In the movie Network, Peter Finch screams, “we’re mad as hell and we’re not going take it anymore.”
I’m mad as hell that I have cystic fibrosis. Unfortunately, I have to learn to take it. If I started screaming “I’m not going to take it anymore,” I’d only really have one option. And, though I’ve given much thought to that option, I will not be exercising it at this time.
So, I may be mad as hell, but I have to take it. I have no choice. Yet.
Having cystic fibrosis goes hand in hand with searching for symptoms health information on the web. At least for me it does.
When my health goes south, I head to the Internet.
This afternoon, it felt like a I had a fever, but my temp was just a hair higher than normal. I was burning up and my eyes were puffy with shiners. Hospital time?
It’s hard to figure out what’s wrong using a search because I can always find some poor person who has had the exact symptoms I’ve typed in. It’s too easy to prove any medical claim using the Internet because so much “truthiness” exists and someone at some point has had exactly what I’ve typed in.
So, I had to trust my gut and figure that the cipro might be causing some problems. By narrowing the search with key information, I found more realistic answers for my situation. Is this any different than a visit to the doctor?
An Internet search for health information matches my doctor visits: The better the information I supply, the more accurate the diagnosis.
After four decades of fighting cystic fibrosis, I’ve finally figured out what I’m up against: Random acts of bacteria.
I used to think the President was where the buck stopped. Now, after the health care debacle, it’s congress who really has the power to do nothing and get paid for it – not to mention they get government health care, which just pours salt in the wound. How many of them really care anymore about the people they represent? The people who are declaring bankruptcy due to medical bills.
My new tiered system for prescriptions came in the mail today. Though I am grateful that I have insurance, the company is going to make me pay for having a genetic disease, cystic fibrosis, which was beyond my control. Every nickel, dime and dollar they can squeeze from me – that’s the goal. They find creative ways to make me pay more, to help them make a larger profit.
Call me Lemon. I’m being squeezed dry.
Coughing up blood derails me. Two days ago I felt great. Now I’ve got hemoptysis.
Such a cruel disease. It teases you with good health for a few days and then in a blink, takes it away. I almost felt normal for a couple of days. Not anymore. Back to having cf.
Not much else to say tonight. Time to start cipro. Yay.
I’ve run conference calls where I’m the only one speaking to a group of competing vendors, who stay quiet in a game of business poker. It’s feels uncomfortable to speak and share project information with no one else speaking at all. Did they hear me? Was I clear? Do they think I’m . . . . I just move forward and quiet the little voice in my head. I’m doing that now.
This blog feels a little like those calls.
And, as no one is speaking back at this point, I can pretty much say . . . anything. Great. How’s this:
I have cystic fibrosis. I’m in my late 40s, have a wife and daughter and I am the luckiest person alive.

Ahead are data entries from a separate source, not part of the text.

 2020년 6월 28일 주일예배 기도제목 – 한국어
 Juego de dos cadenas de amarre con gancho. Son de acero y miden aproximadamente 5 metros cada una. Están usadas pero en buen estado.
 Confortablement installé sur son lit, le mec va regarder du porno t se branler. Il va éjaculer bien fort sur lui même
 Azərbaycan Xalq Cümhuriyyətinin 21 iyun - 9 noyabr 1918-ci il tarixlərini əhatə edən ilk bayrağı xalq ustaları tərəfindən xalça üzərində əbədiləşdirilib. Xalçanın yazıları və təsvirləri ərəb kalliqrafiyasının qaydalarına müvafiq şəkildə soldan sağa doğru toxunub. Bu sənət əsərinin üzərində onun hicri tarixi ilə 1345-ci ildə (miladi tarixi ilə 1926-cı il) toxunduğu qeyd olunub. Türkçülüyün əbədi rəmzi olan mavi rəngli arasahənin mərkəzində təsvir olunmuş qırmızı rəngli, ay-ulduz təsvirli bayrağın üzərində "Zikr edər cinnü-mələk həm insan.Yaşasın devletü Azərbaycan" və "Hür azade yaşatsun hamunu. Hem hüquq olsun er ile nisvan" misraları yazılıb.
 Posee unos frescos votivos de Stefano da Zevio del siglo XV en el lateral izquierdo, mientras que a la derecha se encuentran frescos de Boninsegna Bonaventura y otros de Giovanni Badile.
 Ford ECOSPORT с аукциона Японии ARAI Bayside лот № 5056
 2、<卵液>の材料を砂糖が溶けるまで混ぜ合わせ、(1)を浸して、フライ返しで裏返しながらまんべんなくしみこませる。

I have survived a genetic disease that was supposed to kill me years ago.
My story is not unique. There are others just like me.

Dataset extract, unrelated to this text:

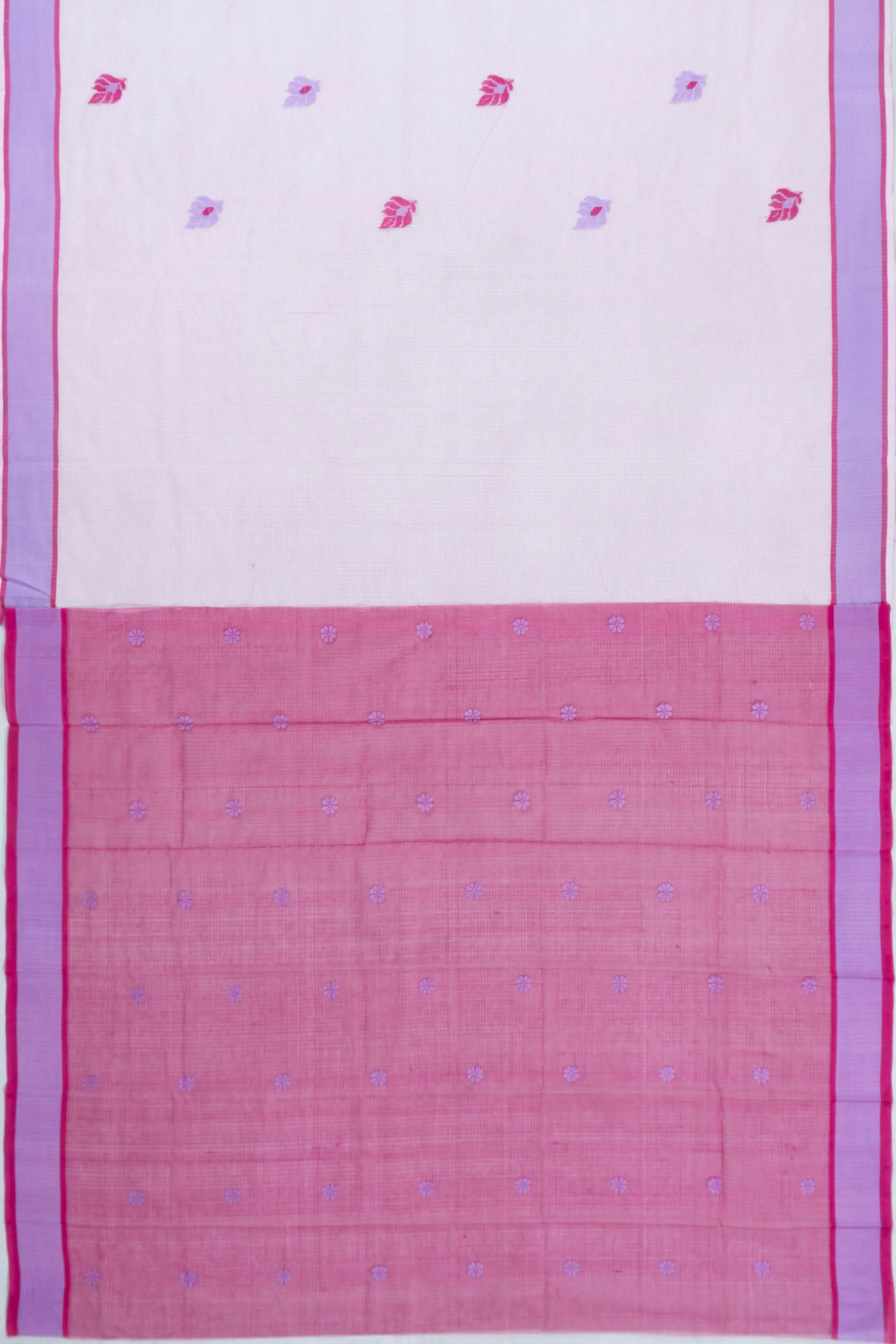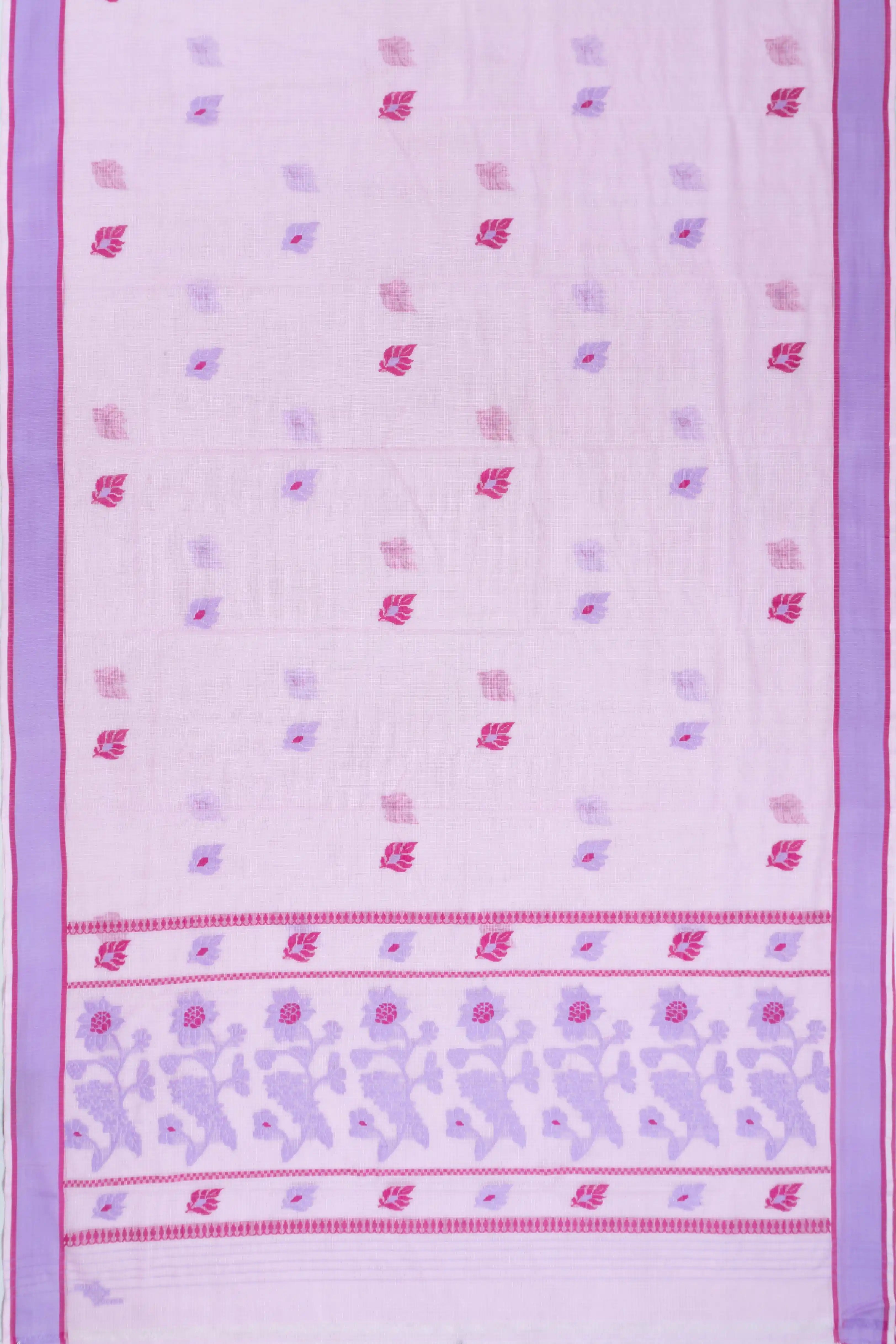 Its contrast lavender border, featuring subtle horizontal lines, adds a modern touch while enhancing the saree’s classic charm

However, for each of us who has survived cystic fibrosis, there are others who have died and made us (mainly me) look more heroic than we really are (than I really am). They are the heroes, the children lost to cf and the parents who witnessed their suffering. I don’t use the word hero by accident.

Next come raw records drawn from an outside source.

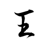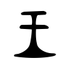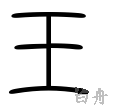 - #3鉞(まさかり)の刃部を下にしておく形。王位を象徴する儀器。神聖な儀器としての鉞頭の形。卜文・金文の下画は強く彎曲して、鉞刃の形をなしている。(字通)
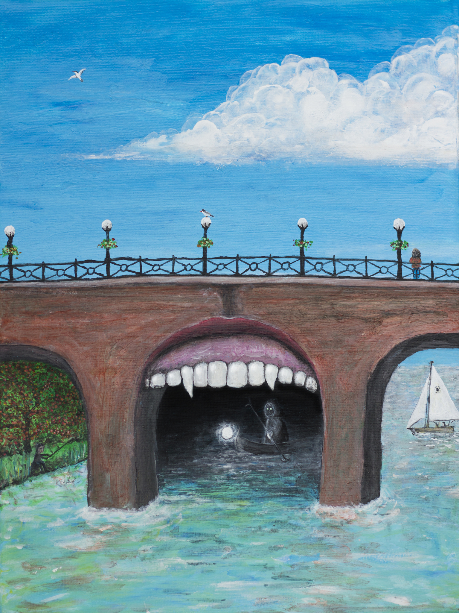 Een surrealistisch schilderij in acrylverf. Het schilderij toont drie bogen van een stenen brug. De middelste boog is een onverwacht tafereel. Aan de bovenrand zit een rij tanden alsof je een mond binnengaat. Het tafelreel achter de boog is donker, terwijl de rest van het schilderij een zonnige dag is. Je ziet een boot met een gedaante in de mond; dat is Charon de veerman naar de onderwereld. Geïnspireerd door de Griekse mythologie.
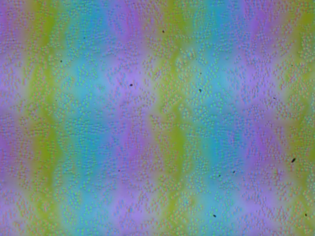 Зерно этих дефектов в несколько раз меньше размеров субпикселей (масштаб этих двух фотографий примерно одинаковый), поэтому фокусировка на микродефектах и «перескок» фокуса по субпикселям при изменении угла зрения выражены слабо, из-за этого нет и «кристаллического» эффекта.

Can you imagine being 10 years old and spending your short life running out of breath every day?
That’s why I say I am the luckiest person alive – it’s by luck that I’m here – with a catch. Much of the luck happened to me; but some of it I made.
So, I have three goals for this blog:
- Find the humor in this horrible disease. (Is it possible? We’ll see. Thank you to the Unknown Comic, who I parody here.)
- Share the lessons I’ve learned (the ones that haven’t killed me)
- Share the daily challenges of having cf.
Thank you for reading. I know you have other choices and ways to fill your time.